Perla nera perché la stragrande maggioranza della popolazione è
nera, discendente dagli africani trasportati in catene sui velieri europei
per farne degli schiavi, popolazione forte e robusta, capace di
sopportare i duri lavori delle grandi piantagioni, dopo che gli indigeni
si erano completamente estinti, in soli 15 anni, per le malattie e la
durezza della colonizzazione.
E’il primo paese che si è reso indipendente dalla colonizzazione (pensate, nel 1801!), ma
poi è rimasto schiavo dal punto di vista economico e si è progressivamente impoverito per
lo sfruttamento delle grandi piantagioni e per la crudeltà di dittatori senza scrupoli e senza
amore per la loro terra.
Haiti, era un paese sconosciuto a molti di noi, ma in questi giorni ha raggiunto la notorietà
“grazie”(si fa per dire!) al terribile terremoto del 12 gennaio: immagini che ci hanno scosso,
commosso, sconvolto.
Haiti, per me
Da parte mia, Haiti è stata la prima esperienza di missione in un paese del Sud. La sua
gente mi ha affascinato per la straordinaria capacità di vivere e di godere della vita. Quella
donna che, tirata fuori dalla macerie della sua casa dopo una decina di giorni, stesa sulla
barella, senza più forze e completamente disidratata, con il filo di voce che le restava, si è
messa a cantare: quella donna per me è il simbolo degli haitiani. Gente che ha resistenza,
che non si scoraggia, che trova sempre, anche nelle situazioni più difficili,la capacità di
cavarsela e di reagire. Gente creativa, con una grande immaginazione e fantasia.
Dopo il terremoto
Quello che abbiamo visto alla televisione, credo
che sia sufficiente a darci l’ampiezza della tragedia
che ha colpito il paese più povero dell’America
Latina e uno dei più poveri del mondo. Ma non è
sufficiente per farci conoscere i suoi abitanti e
quello che hanno nel cuore. Con molta facilità e
insistenza ci sono stati mostrati i saccheggi e le
bande di sciacalli che terrorizzavano la città. Mi
sento di dire, proprio per le testimonianze delle mie
consorelle e di amici che sono laggiù, che non è
così. Quella è solo una parte, una piccola parte
della verità. La verità è che la maggior parte della
popolazione sta vivendo una grande solidarietà, condividono quel poco che hanno, già
dopo una settimana cominciavano a ripulire e a riorganizzare gli spazi sconvolti dalla
distruzione, aiutandosi reciprocamente.
Il nostro amico Franklin, frate haitiano, ci scrive: “La realtà è che gli aiuti internazionali non
arrivano in tutte le zone della capitale e ancor meno nelle zone più lontane e isolate.

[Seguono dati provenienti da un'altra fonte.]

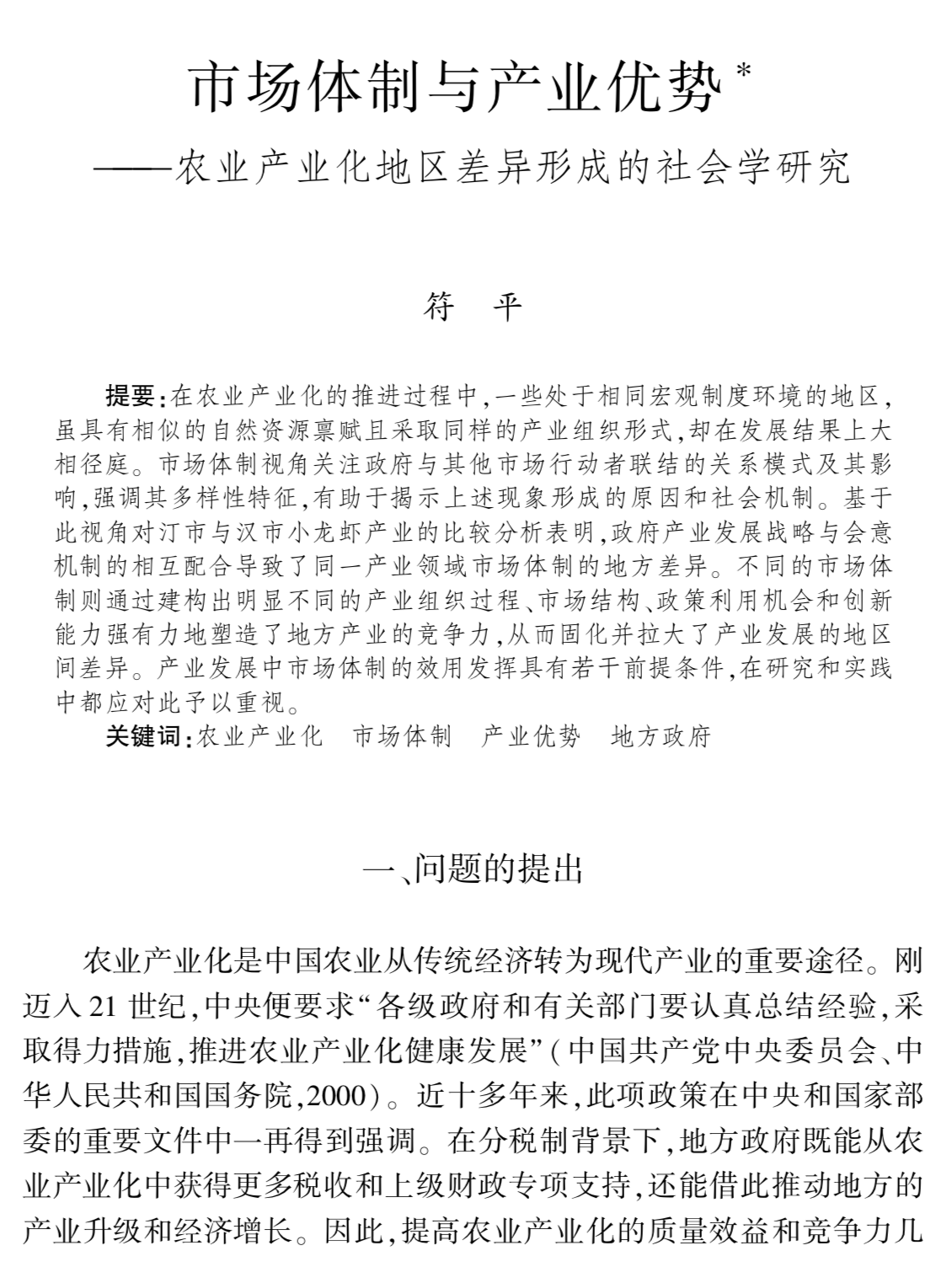 符平教授的获奖成果旨在解释农业产业化发展过程中的一个重要现象:一些地区虽然处于相同的宏观制度环境,采取同样的产业组织形式且具有相似的资源禀赋,却在发展水平和结果上大相径庭。有的地区表现平平,而有的地区拥有独特优势、产业不断升级提档,甚至占据行业鳌头地位。符平教授的论文探讨了这种地区间发展差异尤其是特定地方的产业优势何以形成的问题。通过提出并区分“引领型市场体制”与“自发型市场体制”这对理论概念,该篇论文通过市场体制的多样性视角分析了不同的市场体制如何作用于地方的产业发展,从理论和经验层面解释了在同样的外部环境和相同的产业结构的背景下,何以产生了地区间的产业发展差异问题。论文指出,市场体制塑造了农业产业化过程中市场主体与非市场主体的关联形式、政府资源的流向以及非市场治理机制的作用空间,通过建构出明显不同的产业组织过程、市场结构、政策利用机会和创新能力而强有力地塑造了地方产业的竞争力,从而固化并拉大了农业产业化发展的地区间差异。该文也从理论上检讨了市场体制作用于产业优势的前提条件。

Ragioni strategiche e politiche,non dette, frenano la distribuzione degli aiuti internazionali.
Mentre sono sorpreso di vedere la gente che non ha niente e che si stringe per far posto
ad altri nel bisogno e condivide le magre provviste alimentari, molti accolgono nella loro
famiglia i bambini rimasti orfani.”(Potrebbe essere un’idea quella di “adottare” una di
queste famiglie e impegnarsi a mandare ogni mese un sostegno in modo che, dando
affetto, li facciano crescere nel loro paese e nella loro cultura….)

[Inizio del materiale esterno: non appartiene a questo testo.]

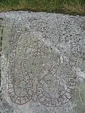 The runestone at Vreta, U 332, has disappeared. Its inscription and designs are, however, known thanks to an 18th-century drawing. This rune stone was also raised by Inga, and it adds that both her husband Ragnfastr and their children were dead, as she had inherited them. The text also states that a staff was raised in memory of Ragnfastr. Other inscriptions that indicate that a staff was raised include Sö 196 in Kolsundet, Vs 1 in Stora Ryttern, U 226 in Bällsta, and the now-lost U 849 in Balingsta.[5] On three other inscriptions, DR 40 in Randbøl, Sm 16 in Nöbbele, and Sö 56 in Fyrby, the word "staff" may refer to the staves of the runes in the text.[5] The Hillersjö stone (U 29) ends the family saga by telling that Inga had died without living children and that the property had passed to her mother Gerlög on the island of Färingsö.
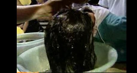 창포물 머리 감기
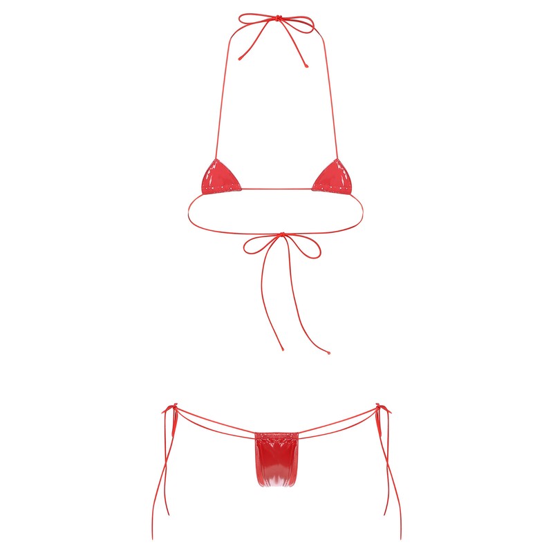 This glossy patent leather bikini set, mini coverage, highlight you body curve and make you more attractive.

- e Franklin continua- “Alla luce di questa tragedia facciamo una rilettura spirituale della
storia del nostro popolo e ci facciamo un’infinità di domande: Qual è la vera ricchezza
dell’uomo? Una bella casa? Una bella macchina? Un bel quadro? Il lusso dappertutto?
Cominciamo a domandarci se la vera ricchezza non sia piuttosto nel cuore e nello spirito
delle persone, nei valori come il lavoro ben fatto,la condivisione, la capacità di sognare, la
generosità, la misericordia, la fraternità, l’amore, la gioia e la pace.”
Le piccole sorelle del Vangelo
E le nostre consorelle, che cosa fanno laggiù?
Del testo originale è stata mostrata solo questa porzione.